A review of the SQL logs following a failover provided the first hint as to the cause; SQL Server saw all vCPUs, but due to the Standard edition licensing constraints, it was only capable of using four sockets or 24 cores, whichever is encountered first. This limitation had impacted performance since the VM was first created years ago but hadn’t been noticed. As VMware SMP scheduling has significantly improved over the years, new VMs are created with “wide” vCPU configurations by default; i.e. eight vCPUs are configured logically as eight sockets, each with a single core. Unfortunately, this ran foul of SQL Server Standard licensing and thus restricted it to only four sockets.
This issue was quickly resolved by shutting down the passive cluster node and updating its vCPU configuration to two sockets, each with four cores. After performing a failover, the increased vCPU resources were immediately visible and active.
Issue Two
With the ceiling on vCPU resources lifted, the random slowdowns’ frequency was reduced but not eradicated. However, for occasional SQL DBAs, the internet has a wealth of helpful guidance and diagnostic assistance. In particular, the First Responders Toolkit from Brent Ozar and the SQL Server Maintenance Solution from Ola Hallengren were especially useful. For example, reviewing the configuration of the SQL Server cluster with sp_blitz from the First Responders Toolkit produced a list of potential performance-impacting configuration issues to address, including:
- Out-of-support SQL Server version
- Configuration of minimum and maximum ram usage for SQL Server
- Configuration of Max Degree of Parallelism and corresponding Cost Threshold for Parallelism
- Outdated defaults for Auto-close, Auto-shrink, and Recovery Interval on most databases
Ola Hallengrens maintenance solution was implemented for:
- Consistency Checks, Index Maintenance, and Statistics Updates on most databases
These changes ensured the client worked from a known-good configuration should any further performance issues arise.
Issue Three
Not all databases running in the cluster were equally important, with one exceeding all others as it was responsible for all production planning. Most of the investigations had focused on optimising the performance of that critical database, but random slowdowns occurred again. With the various third-party toolkits now in place, we could run some diagnostics, such as sp_blitzfirst from Brent Ozar, which indicated the presence of some costly queries causing high CPU usage. So we dug deeper with sp_blitzcache, “a fast tool to find the worst queries in the SQL Server plan cache, tell you why they’re bad, and even tell you what you can do about them”. The clients’ Development Team was surprised when we discovered that a simple database and app to update timing data on all manufacturing equipment consumed over 40% of all server resources, executing a query over 5000 times per minute.

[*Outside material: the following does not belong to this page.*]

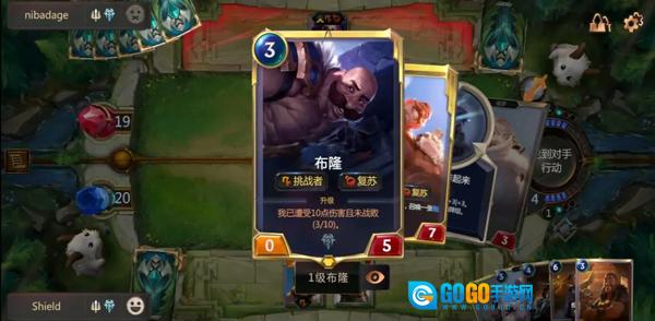 下方方框内包含卡牌描述,其中盖伦的效果为“复苏”(词条“复苏”的效果将在下文予以介绍)

This simple app proved to be the root cause of all performance issues, pushing overall CPU usage to the limit as more and more manufacturing systems came online. The impact was confirmed by temporarily disabling the app and then re-architecting it to reduce the volume of queries on the database.
The Result
Following all the troubleshooting, the clients critical SQL Server cluster:
- had increased physical CPU resources by 100%,
- reduced CPU consumption by SQL queries by nearly 40%,
- was updated to vendor-supported versions,
- reduced or removed dozens of minor misconfigurations,
- had improved tools and instrumentation to allow faster recovery from issues.
Overall, the client regained confidence in their critical production environment, and the development and IT teams gained a greater knowledge of SQL Server configuration best practices and performance tuning techniques. In addition, overall system availability was improved, reducing or eliminating overnight callouts.